Multi users on one system and Access
April 14, 2010 11:14 AM   Subscribe

I posted a previous question about fixing permissions on an Access/PostGreSQL d/b I use at work. Now what I'm attempting to do is enable using Access with multiple users on the same machine.

My company is using Office 97 Access to interact with our PostGreSQL d/b. On my workstation, I've locked down my WinXP user login with a password. Because I work in a showroom, it would be helpful if other users could also access the d/b, but I don't want people on my user login at all. I've set up a second user with limited privileges but cannot seem to get the d/b to work for them.
It seemed to me that when I had the second user as an administrator I was able to launch the Access d/b simultaneously on both logins. I've since changed the second user to 'limited' status as I don't want anyone on this machine with admin privileges except me and IT.
I've tried things like opening the permissions on the Access folder with the file that launches the d/b, moving the folder to Shared Documents, and creating two copies of the Access folder. It appears that Access doesn't want to run the same data set simultaneously or something to that effect. It errors and will not run the second launch.
posted by diode to Computers & Internet (5 answers total)
 
What error message do you receive when it "will not run the second launch"?

I've had success with multiple users running Access against a PostgreSQL database before. It sounds like you've already narrowed it down to something Access-specific though.

What are the NTFS permissions on the Access database itself?
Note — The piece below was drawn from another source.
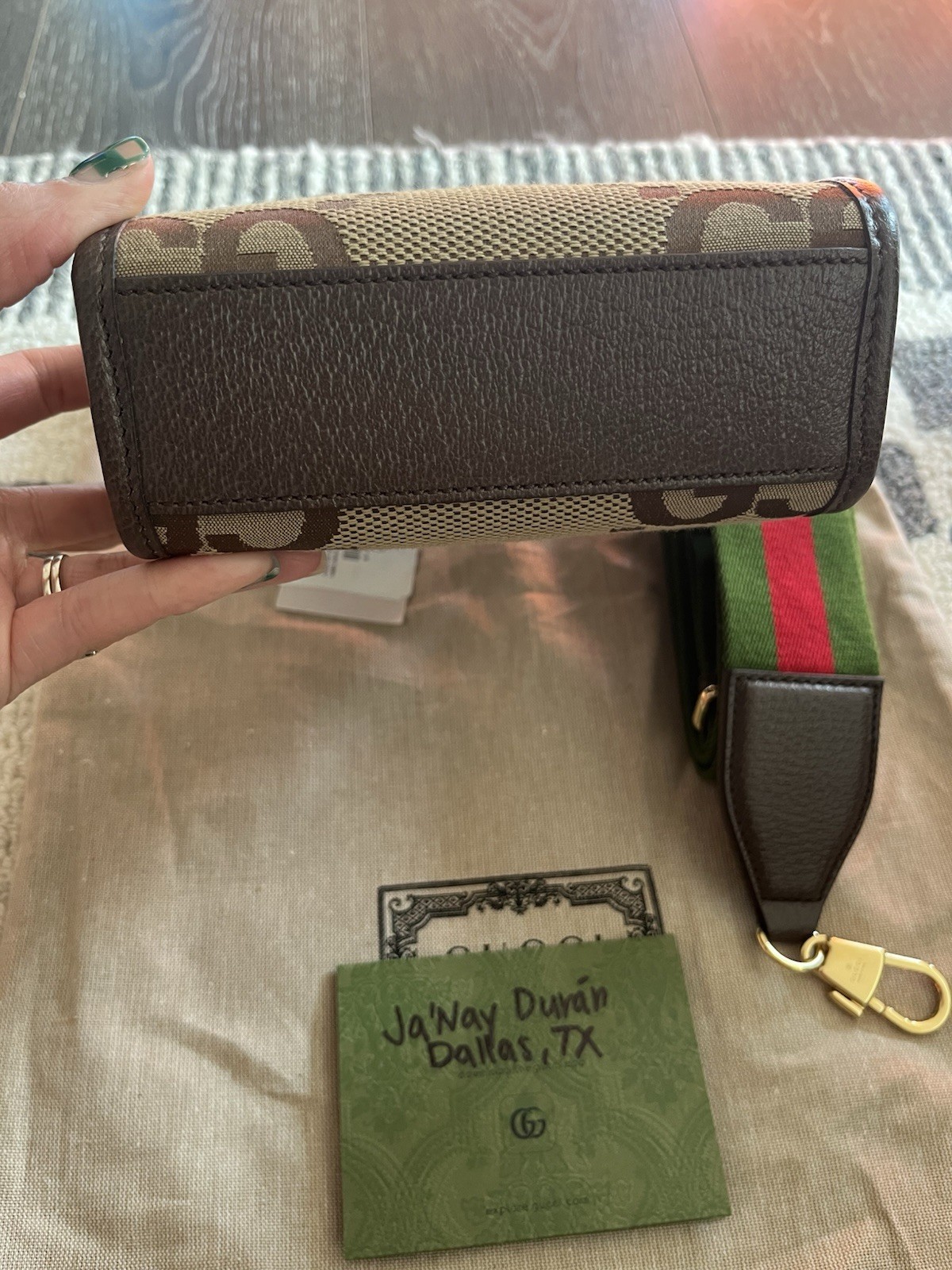 - NEW with tag attached - No damage/flaws - Includes original vibrant Gucci strap - Comes with dust bag only - Statement piece that can be a tote, shoulder bag or crossbody. - 3 for 1! - Size: 6.25" (L) x 2.75" (W) x 7.75" (H)

Is the limited user able to open the database when the administrator account doesn't have it open?
posted by vsync at 12:40 PM on April 14, 2010


I would think you'd get a locked-file error when the second person tries to run the .mdb.
posted by rhizome at 2:52 PM on April 14, 2010


Response by poster: Yes, that's it, locked file error.
posted by diode at 5:56 PM on April 14, 2010


Yeah, Access doesn't like its files being shared simultaneously. The hard solution would be to create a new multiuser interface for the database using something besides Access, likely web-based. The easy solution is to create a copy of the MDB for each user and put it in their home directory so that each person has their own. This becomes a bit of an administrative drag if you update the MDB, but you can create a batch file to do the copy-blast whenever that crops up. The users should not be allowed to change the MDB in this case, however, since their changes would be overwritten upon update.
posted by rhizome at 10:46 AM on April 15, 2010


Response by poster: Okay, I think I've been trying to do just that, create multiple copies of the MDB, so perhaps I need to go try it again and see if it works.